Sueños recurrentes, soñados en la madrugada eléctrica del tercer raíl,
cuando la luna es un hueco recortado sobre el humo de las nubes de Nueva
York. Nubes-túneles de Elizabeth Bishop. Nubes-grafiti de René Magritte.

Los he soñado, a diario.

Caer rendido un par de horas antes del amanecer y soñar sueños recurrentes
de una Habana perforada por un laberinto de subways. Refugios. Guerra de
todo el pueblo. Opción cero, reconcentración. Ciudad agujero, nadie va a
sobrevivir al sistema: ese el slogan socialista de los sicarios. Psicarios.
Pesadillas patrias hechas de un insomnio gruyer.

Soñar es eso. Cortocircuitos. Cables cruzados, como los que sostienen
flotando a los puentes de ese chip milagroso llamado Manhattan.

Llevo 40 años en Manhattan. Pero una vez, décadas atrás, en otra isla larga
donde la muerte no cumplía ni un mes de nacida, hombres en uniformes
verde-quirúrgico comenzaron a cavar las catacumbas del metro de mi ciudad.
Era una orden bajada directamente desde el Kremlin (Cuba fue durante
décadas la 16ta república anexada a la URSS).

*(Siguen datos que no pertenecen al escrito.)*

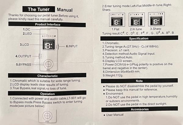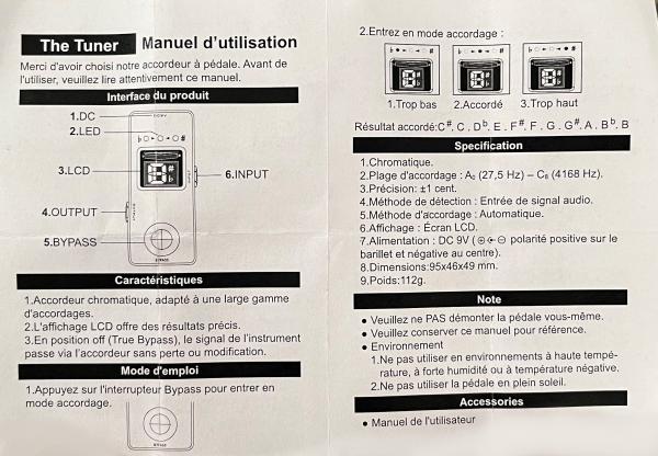 X-Tone's The Tuner is a precise and efficient tuner pedal. Its compact size guarantees it a place of honor at the beginning of your pedalboard chain, or it slips neatly into your guitar case. Its screen provides excellent visibility, even on less well-lit stages.

Sólo así La Habana podría
tener por fin el sueño de un subterráneo. Y la estación número cero
estaría, por supuesto, en los sótanos de la Plaza de la Revolución.

De ese corazón de mármol y memoria saldrían las arterias, los surcos
íntimos en el lodo nacional, donde no habría posters comerciales sino
propaganda, además de las lombrices de tierra agonizando por la explosión
de neones y los silbatazos del tren (las lombrices son sordas y ciegas,
pero cuentan con una sensibilidad política desproporcionada).

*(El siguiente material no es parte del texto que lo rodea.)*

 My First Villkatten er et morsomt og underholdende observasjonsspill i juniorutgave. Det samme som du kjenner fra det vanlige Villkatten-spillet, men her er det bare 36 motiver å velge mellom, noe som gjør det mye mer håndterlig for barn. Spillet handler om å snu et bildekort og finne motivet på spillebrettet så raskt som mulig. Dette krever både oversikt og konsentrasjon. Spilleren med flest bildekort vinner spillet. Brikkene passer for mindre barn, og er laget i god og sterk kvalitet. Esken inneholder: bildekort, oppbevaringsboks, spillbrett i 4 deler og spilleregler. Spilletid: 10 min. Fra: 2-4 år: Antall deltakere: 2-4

Yo era un adolescente (si has sido adolescente una vez, ya para siempre lo
serás). Tenía todos mis dientes intactos. Tenía también intacta toda mi
desesperación. La idea de una vida bajo tierra me atraía y me daba pánico.
De ahí tal vez los sueños circulares, sentado cerca de las puertas de
emergencia y del mapa de orientación. *You are here…*

Me sueño cambiando de líneas en cada parada. Líneas con letras y colores.
Es como un juego infantil (los hay muy macabros). Los trenes vuelan sobre
los rieles, ingrávidos a pesar de su carga humana. Hay altavoces y una
señalización exhaustiva, que exhausta. Debe ser muy tarde ya. Pero
despertar ahora sería pedirle demasiado al maquinista en duermevela de dios.

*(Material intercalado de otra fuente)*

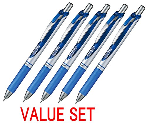Pentel EnerGel Deluxe RTX Retractable Liquid Gel Pen,0.7mm, Fine Line, Metal Tip, Blue Ink-Value set of 5 (With Our Shop Original Product Description)

Las puertas se abren y cierran en medio segundo, como párpados histéricos,
como bocanadas de una libertad albañal, como la guillotina de una cámara
fotográfica. Dentro y fuera hace la misma luz. Una luz fría de latitudes
altas con voltaje a tope, mientras yo me paro (mientras sigo sentado) y
salgo y entro a la cadeneta de vagones que se deslíe por la velocidad ante
mí.

La voz de mi padre (1919-2000) no para de sermonear: *Stay clear from the
closing doors, please*… Y recuerdo entonces con alegría y dolor su inglés
de corte republicano, sacado de unos textos sagrados con paginotas de
brillo impresas en cinemascope: Life, National Geographic, Reader´s Digest.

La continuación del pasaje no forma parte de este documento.